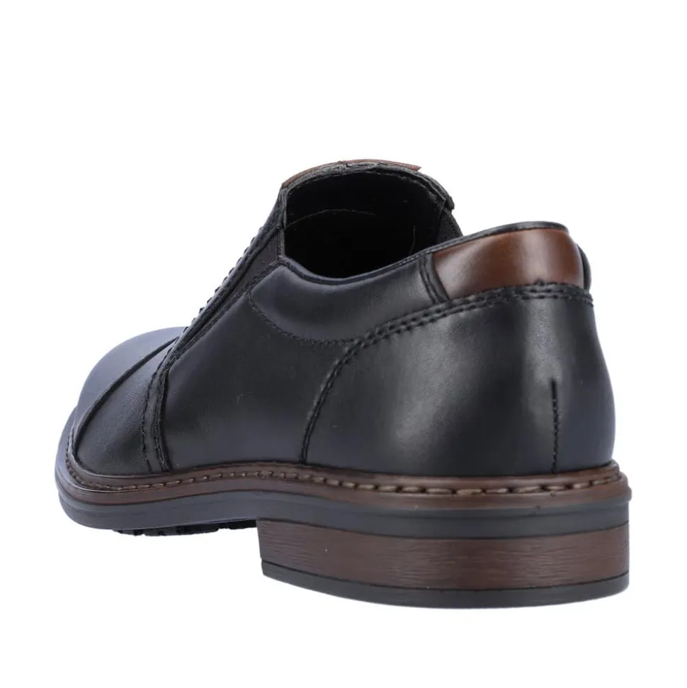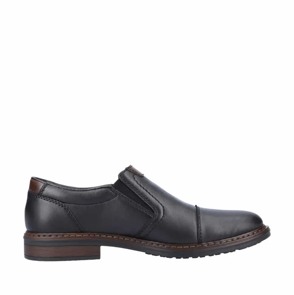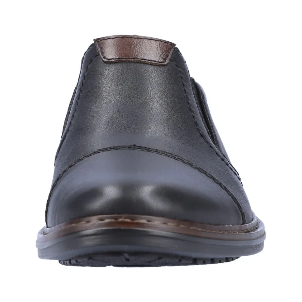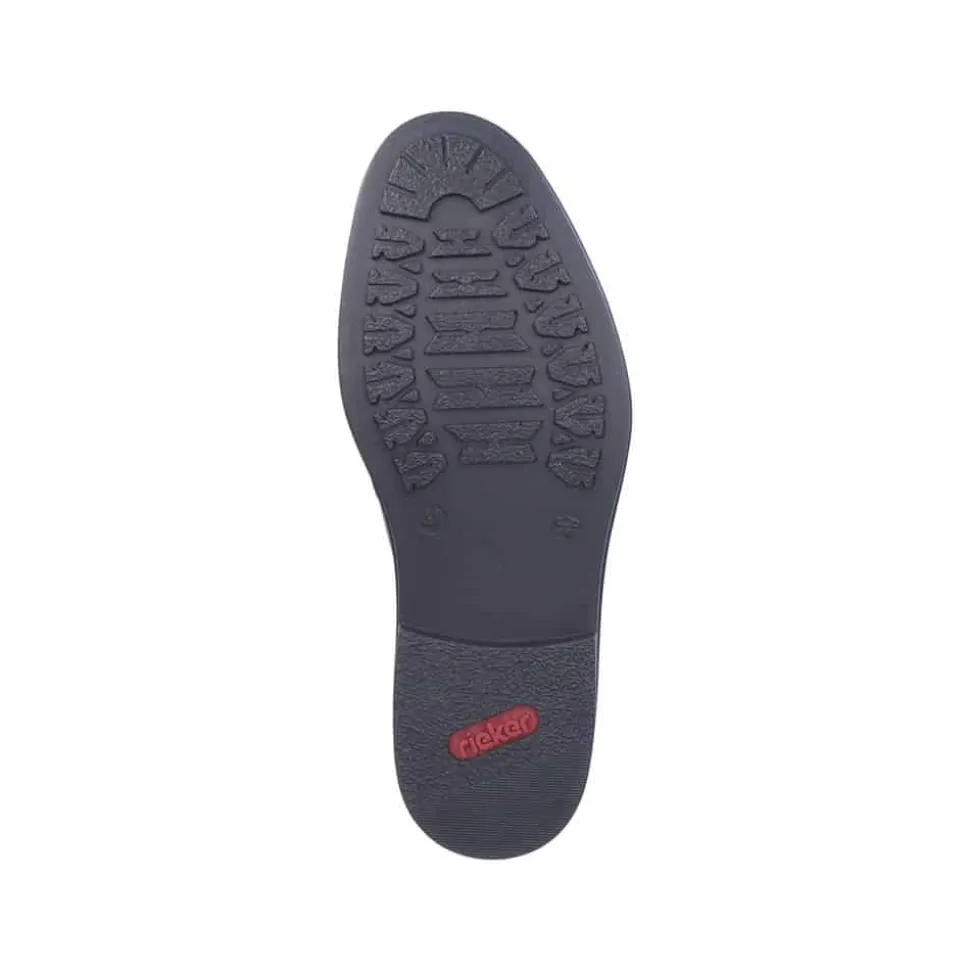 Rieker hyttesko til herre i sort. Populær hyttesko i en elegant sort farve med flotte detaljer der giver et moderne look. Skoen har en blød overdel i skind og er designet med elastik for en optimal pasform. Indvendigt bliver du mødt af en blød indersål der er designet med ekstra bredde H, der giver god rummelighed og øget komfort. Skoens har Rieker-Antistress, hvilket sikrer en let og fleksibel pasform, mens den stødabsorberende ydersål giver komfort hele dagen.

---

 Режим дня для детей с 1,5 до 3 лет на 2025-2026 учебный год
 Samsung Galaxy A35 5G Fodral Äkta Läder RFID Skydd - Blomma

...

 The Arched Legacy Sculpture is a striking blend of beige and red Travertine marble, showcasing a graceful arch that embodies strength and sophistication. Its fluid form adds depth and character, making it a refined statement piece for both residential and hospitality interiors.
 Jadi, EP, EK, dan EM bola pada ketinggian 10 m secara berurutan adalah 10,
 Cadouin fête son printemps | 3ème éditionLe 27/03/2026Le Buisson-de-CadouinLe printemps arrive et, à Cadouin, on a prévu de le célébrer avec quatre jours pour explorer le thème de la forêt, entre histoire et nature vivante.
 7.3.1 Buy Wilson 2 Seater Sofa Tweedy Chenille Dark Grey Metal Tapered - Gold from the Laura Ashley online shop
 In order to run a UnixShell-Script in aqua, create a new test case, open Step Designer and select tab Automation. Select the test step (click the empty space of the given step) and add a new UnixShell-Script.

**What the task requires**
All lines above from the one with "Режим дня для" to the one with "Samsung Galaxy A35", inclusive, should be copied exactly, and no other lines.

**Response below**
 Режим дня для детей с 1,5 до 3 лет на 2025-2026 учебный год
 Samsung Galaxy A35 5G Fodral Äkta Läder RFID Skydd - Blomma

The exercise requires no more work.